- _Problem requirements_:
Write out the records beneath this line exactly as they appear, minus any images.

- _Exercise input_:
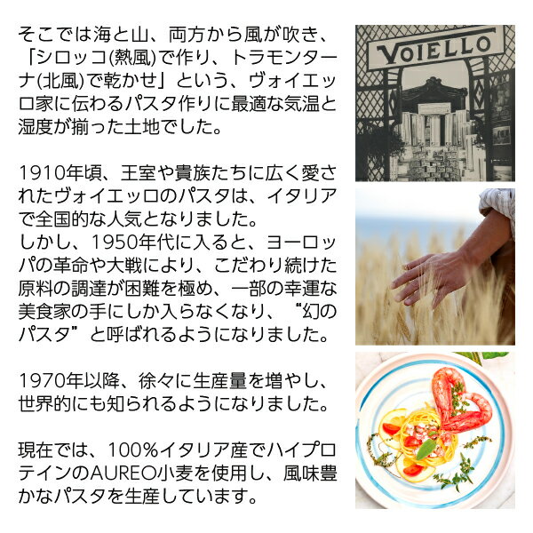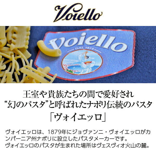 他の商品(食品以外)との同梱の送料に関しましては、ご注文確認メールにてお伝え致しますので、必ずご確認をお願いいたします。ヴォイエッロは、1879年にジョヴァンニ・ヴォイエッロがカンパーニア州ナポリに設立したパスタメーカーです。 ヴォイエッロのパスタが生まれた場所はヴェスヴィオ火山の麓。 そこでは海と山、両方から風が吹き、「シロッコ(熱風)で作り、トラモンターナ(北風)で乾かせ」という、ヴォイエッロ家に伝わるパスタ作りに最適な気温と湿度が揃った土地でした。 1910年頃、王室や貴族たちに広く愛されたヴォイエッロのパスタは、イタリアで全国的な人気となりました。 しかし、1950年代に入ると、ヨーロッパの革命や大戦により、こだわり続けた原料の調達が困難を極め、一部の幸運な美食家の手にしか入らなくなり、“幻のパスタ”と呼ばれるようになりました。 1970年以降になってようやく原料を安定的に調達できるようになり、徐々に生産量を増やし、世界的にも知られるようになりました。 現在では、長年の研究によって種苗会社と共同開発した100%イタリア産でハイプロテインのAUREO小麦を使用し、風味豊かなパスタを生産しています。 ITEM INFORMATION イタリア産AUREO小麦を使用 ナポリの典型的なパスタ お肉、お魚、どちらとも相性抜群! Voiello PACCHERI LISCI ヴォイエッロ パッケリ リッシ 種苗会社と共同開発した結果生まれた、100%イタリア産でハイプロテインのAUREO小麦を使用。 ナポリの典型的なパスタ、パッケリ。 パッケリは、「平手打ち」という意味で、茹でると平らになることからきています。 肉でも魚でも最高のパフォーマンスを発揮します。 商品仕様・スペック 生産者ヴォイエッロ 生産地イタリア タイプショートパスタ サイズ長/40mm、太/24.5mm ゆで時間14分前後 原材料100%イタリア産でハイプロテインのAUREO小麦 内容量500g ※パスタの袋には小さい穴がいくつか開いています。この穴は製品中の空気を抜く目的で製造過程にて意図的に開けられたものです。
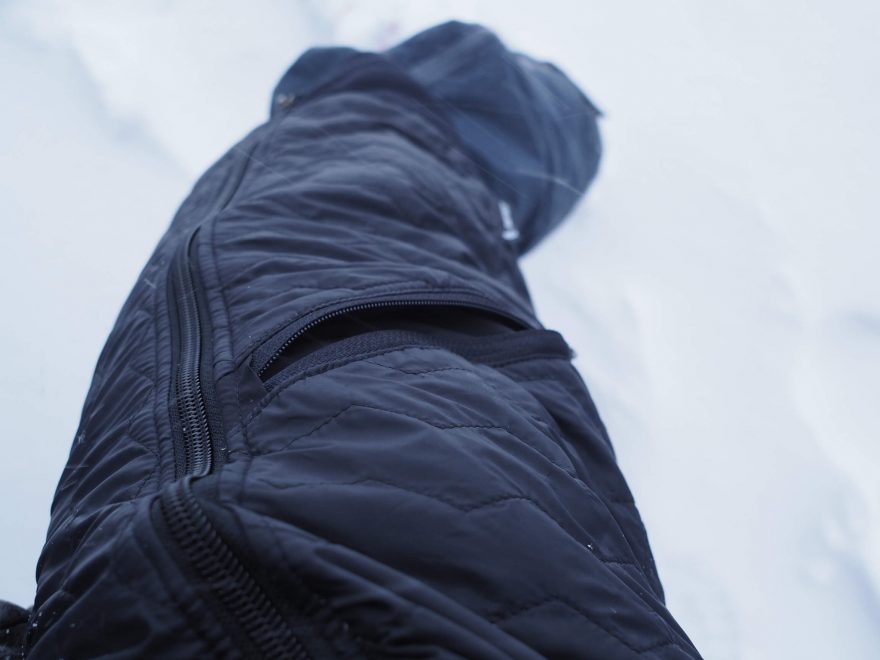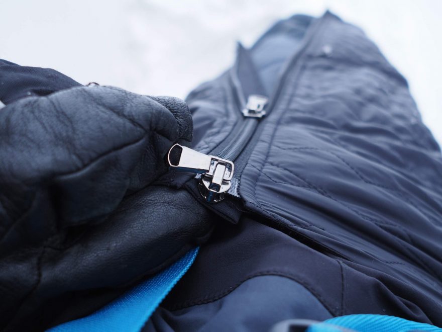 Šortky jsou ušity v univerzální černé barvě a nerozlišené zipy, tak za ztížených podmínek dokáží potrápit. Příště jsem už byl lépe připraven a kraťasy oblékal postupně: prvně rozepnout jednu stranu, nasadit na nohu, zapnout a pokračovat druhou nohou. K dokonalosti používání si stačí zapamatovat, které z táhel dvoucestného zipu použít pro rozepnutí kraťasů. Pamatujte: od kolene k pasu. Ačkoliv táhla nejsou nijak prodloužena, je s nimi manipulace v rukavicích docela dobrá.
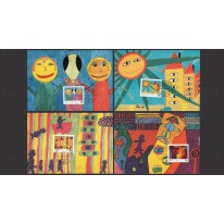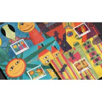 Na znaczkach i kartach przedstawiono prace zgłoszone do międzynarodowego konkursu rysunku dziecięcego.
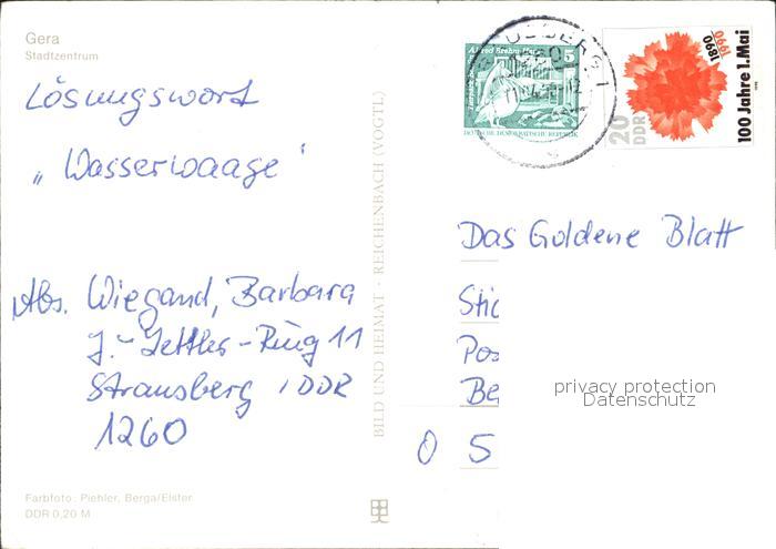 alte Postkarte Gera Stadtzentrum postalisch gelaufen Erhaltung siehe scans
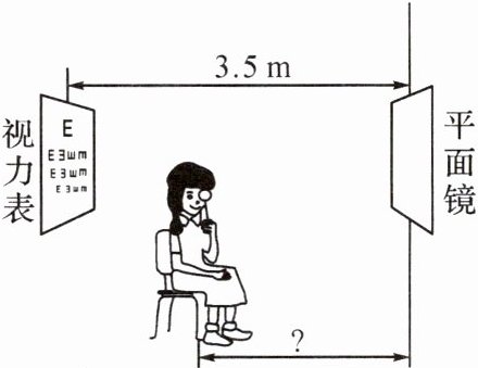 9. 视力检测时要求被测的人与视力表的距离为 5 m。如图所示,视力表与平面镜的距离是 3.5 m,为满足检测要求,人与平面镜的距离应为(

- _Task result_:
 他の商品(食品以外)との同梱の送料に関しましては、ご注文確認メールにてお伝え致しますので、必ずご確認をお願いいたします。ヴォイエッロは、1879年にジョヴァンニ・ヴォイエッロがカンパーニア州ナポリに設立したパスタメーカーです。 ヴォイエッロのパスタが生まれた場所はヴェスヴィオ火山の麓。 そこでは海と山、両方から風が吹き、「シロッコ(熱風)で作り、トラモンターナ(北風)で乾かせ」という、ヴォイエッロ家に伝わるパスタ作りに最適な気温と湿度が揃った土地でした。 1910年頃、王室や貴族たちに広く愛されたヴォイエッロのパスタは、イタリアで全国的な人気となりました。 しかし、1950年代に入ると、ヨーロッパの革命や大戦により、こだわり続けた原料の調達が困難を極め、一部の幸運な美食家の手にしか入らなくなり、“幻のパスタ”と呼ばれるようになりました。 1970年以降になってようやく原料を安定的に調達できるようになり、徐々に生産量を増やし、世界的にも知られるようになりました。 現在では、長年の研究によって種苗会社と共同開発した100%イタリア産でハイプロテインのAUREO小麦を使用し、風味豊かなパスタを生産しています。 ITEM INFORMATION イタリア産AUREO小麦を使用 ナポリの典型的なパスタ お肉、お魚、どちらとも相性抜群! Voiello PACCHERI LISCI ヴォイエッロ パッケリ リッシ 種苗会社と共同開発した結果生まれた、100%イタリア産でハイプロテインのAUREO小麦を使用。 ナポリの典型的なパスタ、パッケリ。 パッケリは、「平手打ち」という意味で、茹でると平らになることからきています。 肉でも魚でも最高のパフォーマンスを発揮します。 商品仕様・スペック 生産者ヴォイエッロ 生産地イタリア タイプショートパスタ サイズ長/40mm、太/24.5mm ゆで時間14分前後 原材料100%イタリア産でハイプロテインのAUREO小麦 内容量500g ※パスタの袋には小さい穴がいくつか開いています。この穴は製品中の空気を抜く目的で製造過程にて意図的に開けられたものです。
 Šortky jsou ušity v univerzální černé barvě a nerozlišené zipy, tak za ztížených podmínek dokáží potrápit. Příště jsem už byl lépe připraven a kraťasy oblékal postupně: prvně rozepnout jednu stranu, nasadit na nohu, zapnout a pokračovat druhou nohou. K dokonalosti používání si stačí zapamatovat, které z táhel dvoucestného zipu použít pro rozepnutí kraťasů. Pamatujte: od kolene k pasu. Ačkoliv táhla nejsou nijak prodloužena, je s nimi manipulace v rukavicích docela dobrá.
 Na znaczkach i kartach przedstawiono prace zgłoszone do międzynarodowego konkursu rysunku dziecięcego.
 alte Postkarte Gera Stadtzentrum postalisch gelaufen Erhaltung siehe scans
 9. 视力检测时要求被测的人与视力表的距离为 5 m。如图所示,视力表与平面镜的距离是 3.5 m,为满足检测要求,人与平面镜的距离应为(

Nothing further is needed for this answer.